A typical FFT-based spectrogram uses 1024 bins on a 48 kHz audio, with about 50 Hz step per pixel. Most of the interesting audio activity happens below 3 kHz, so 50 Hz per pixel gives only 60 pixels for that area. As a result, the spectrogram is pixelated. One way to get highres spectrograms is to use CWT (continuous wavelet transform), but it’s messy to implement. Another trick is to use regular FFT shifted by 1/2 pixel (by 25 Hz): the DFT Shift Theorem enables such frequency shifting by multiplying the input signal by
exp(-i*pi*k/N). Smoothness in the time direction is easier to achieve: the 1024 bins window can be advanced by arbitrarily small time steps.
Images below use an HSV-based color scheme:
1.0 - FFT[i]^2 / max FFT^2, i.e. the max FFT amplitude has 0 saturation or just white.
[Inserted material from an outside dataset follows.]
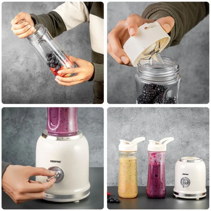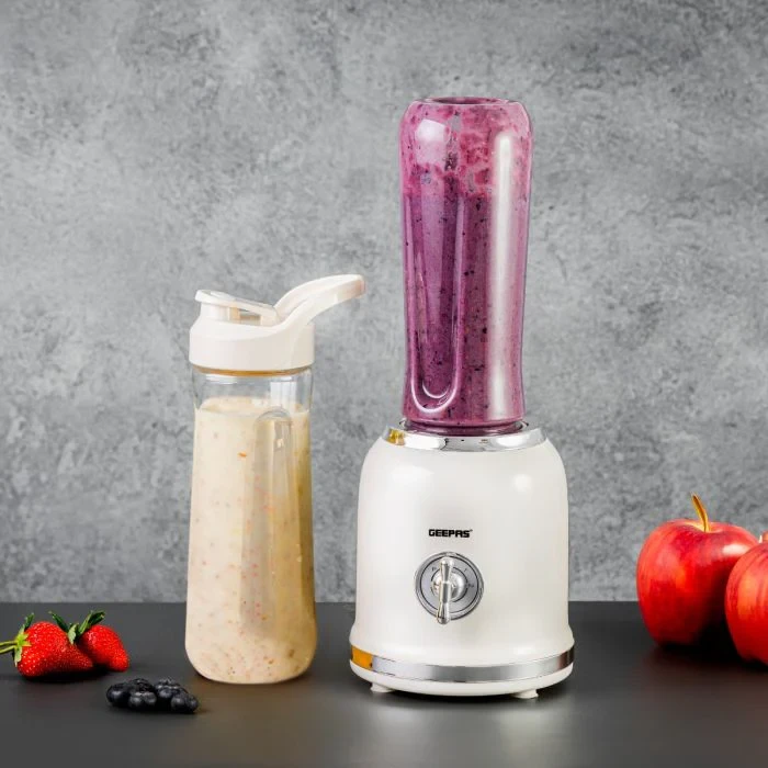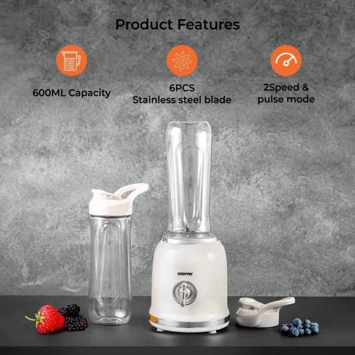 The Geepas GSB44113 Personal Blender is a small and handy tool that makes it easy to blend on the go. It has a 300W motor that works well to mix fruits, veggies, and ice into smoothies, shakes, and juices. The blender comes with two 600ML bottles made from BPA-free Tritan, which are clear, tough, and safe for everyday use. The blades are made of stainless steel, making sure your blends are smooth and consistent. The one-touch button makes it simple to use, which is great for a busy life. This blender is perfect for people who work out often or travel, offering a mix of good performance, safety, and portability.
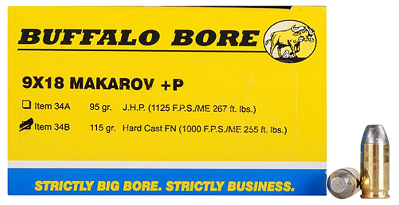 Buffalo Bore Ammunition Personal Defense Strictly Business 9x18 Makarov +P 115gr Hard Cast Flat Nose - 34B20

Click the images to see fullres versions.
Bird songs recordings were taken from www.fssbirding.org.uk/sonagrams.htm. Unlike musical instruments, birds don’t seem to bother to create a complex multi-layered harmonics pattern. Instead, they create a complex pattern with the base (fundamental) frequency alone. The “cloud” above the main drawing is what would be the 2nd harmonic. These sonograms are remarkably different from other sounds, as if birds “draw” with sound something that’s flying backwards in time.
Compare this with CWT and standard FFT (no overlapping frames, a fixed set of frequencies):
The CWT spectrogram was obtained with soundshader.github.io/?s=cwt. Despite this CWT implementation runs on GPU and this “advanced” FFT runs on JS, CWT is about 50-100x slower.
Musical instruments usually have this multi-level harmonics structure. Flute is one of the simplest instruments, with first 2 harmonics dominating the spectrum. However it would be a mistake to to call flute sound simple: as you see, every level has its own regular pattern that can’t be recreated with a simple mix of sinusoidal tones.
Viloin is the most instresting: on levels 8 and 9 it creates an intricate ornament. I don’t know if it’s a feature or a defect of the instrument. It’s interesting that our ears collapse the entire 20-story harmonics tower with all these different ornaments on different floors into a single tone.
The bright lines are vowel formants: a pair or triple of them uniquely identify a vowel. Each greenish column is a word, usually consisting of two vowels. The horizontal bar is a bell. Vowels have pretty complex structure and look like a mix of bird songs with musical instruments, as they also have harmonics.